Decided March 30, 2000
McCullough Sherrill, John A. Sherrill, R. Leslie Waycaster, Jr., Steven M. Staes, for appellant.
Seacrest, Karesh, Tate & Bicknese, Sanford R. Karesh, Edwin A. Tate II, Walker, Hulhert, Gray & Byrd, Lawrence C. Walker, Jr., for appellees.
(c) The single incident whereby Joseph allegedly gave $8,000 of TAC money to AMF as a cash incentive to enter into written agreements is not indictable as bribery under OCGA §§ 16-10-2, 16-12-33, or 16-12-34. Nor does this isolated incident evince any pattern of racketeering.35
(d) As against defendant Joseph individually, Georgia RICO claims may validly be predicated upon evidence that he repeatedly converted significant amounts of TAC money,36 which is indictable conduct under OCGA § 16-8-4 (a).37
TAC hired an outside consultant with 27 years experience investigating misappropriation of corporate assets by employees, who monitored the internal meters in the games from which Joseph collected the money.

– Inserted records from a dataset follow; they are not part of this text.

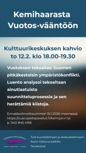 Sijainti: Kemijärven kulttuurikeskuksen kahvio, Hietaniemenkatu 5
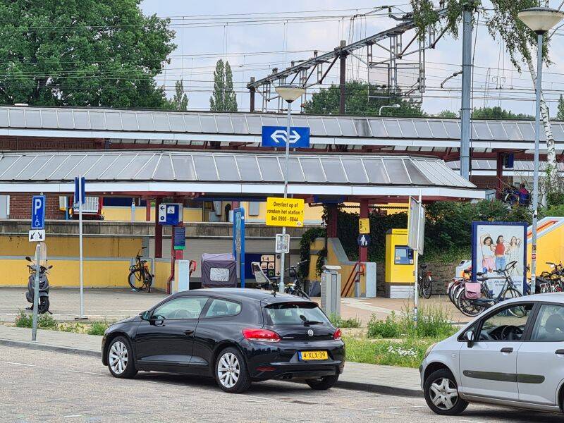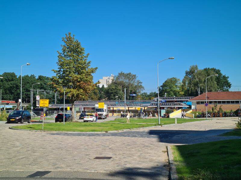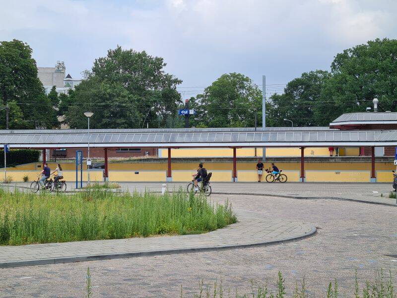 Situatie 2021 | dit gebied verandert de komende jaren sterk. Dit plein en de stationsgebouwen hier, zullen in 2024 verdwijnen. Ter hoogte van de Stationsweg komt in 2024 een fietstunnel die deel uitmaakt van de snelfietsroute Ede-Wageningen.
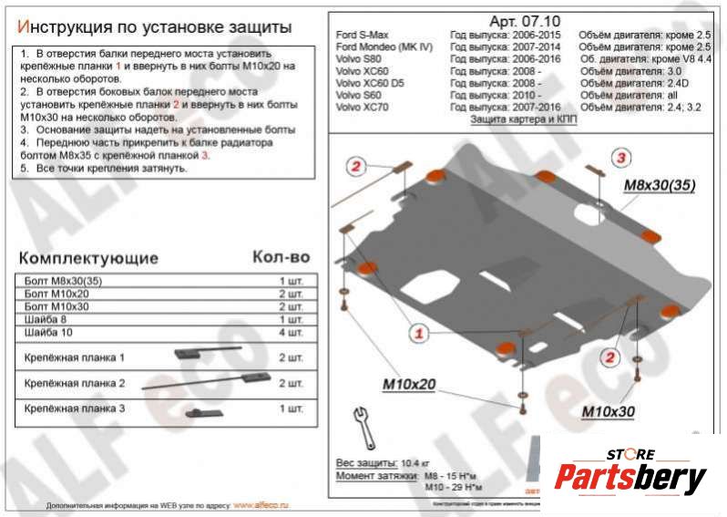 Защита двигателя металлическая к Ford Mondeo 4, 2008

These meters calculate the number of games played and the money that should be in the machine. Over a period of two months, in those machines serviced by Joseph, the “amount of money was always less than the meter readings,” even after the meters were replaced. Amounts missing ranged from $25 to $300 per week per location, and the average shortfall per site over the two-month investigation was $100 per week. In our view, this is “precisely the conduct prohibited by the Georgia statute.”38 Consequently, as against Joseph individually, for those RICO claims based on proof that an employee repeatedly converted his employer’s money, the grant of summary judgment was in error.
Judgment affirmed in part and reversed in part.
Pope, P. J., concurs. Smith, J., concurs in the judgment only.